DATA BLOCK:
• • •

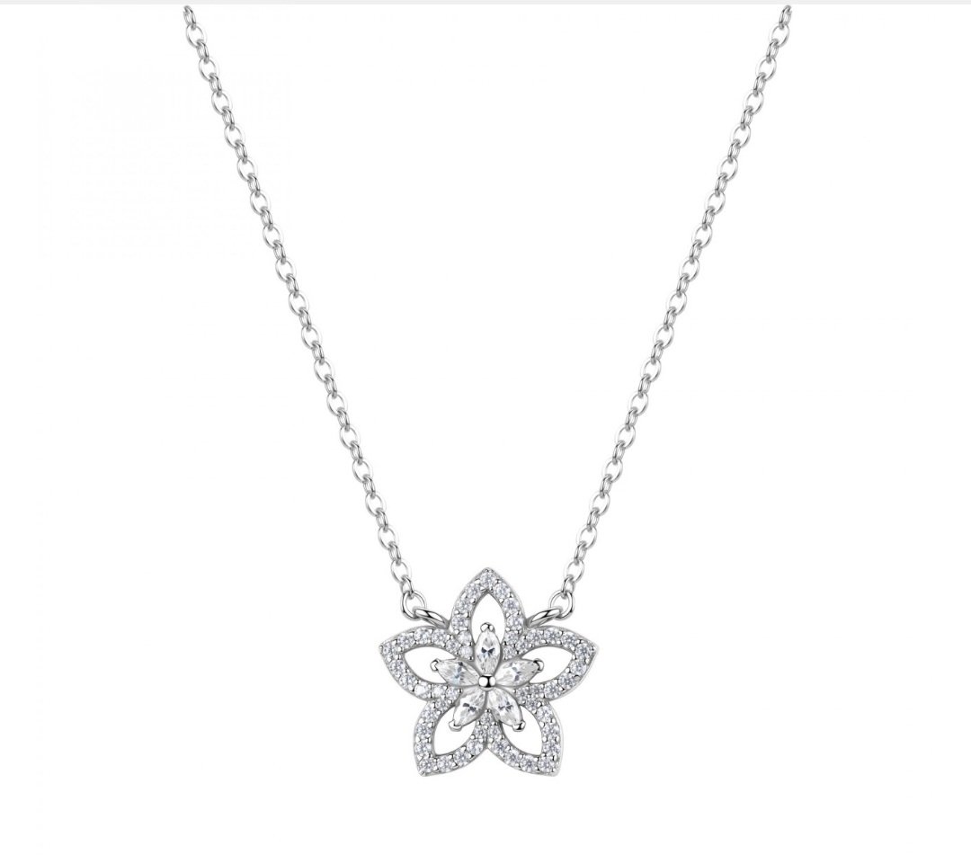 Collana Rosato collezione Gaia in argento 925millesimi con fiore e 55 cibic zirconia bianchi.
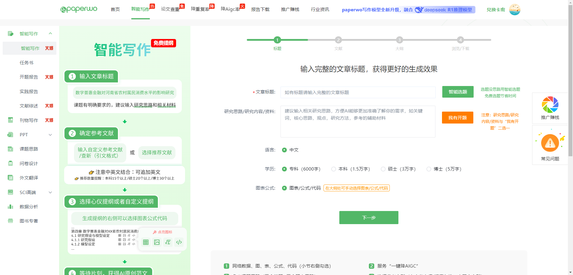 官网地址: https://www.paperwo.com/ai/dissertation
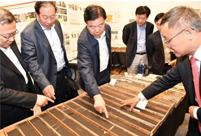 王宜林在加拿大卡尔加里调研期间,查看岩芯资料,了解油砂项目进展。

• • •

EXERCISE GOAL: The full listing must come back exactly as written, with its pictures left out.

WRITTEN ANSWER:
 Collana Rosato collezione Gaia in argento 925millesimi con fiore e 55 cibic zirconia bianchi.
 官网地址: https://www.paperwo.com/ai/dissertation
 王宜林在加拿大卡尔加里调研期间,查看岩芯资料,了解油砂项目进展。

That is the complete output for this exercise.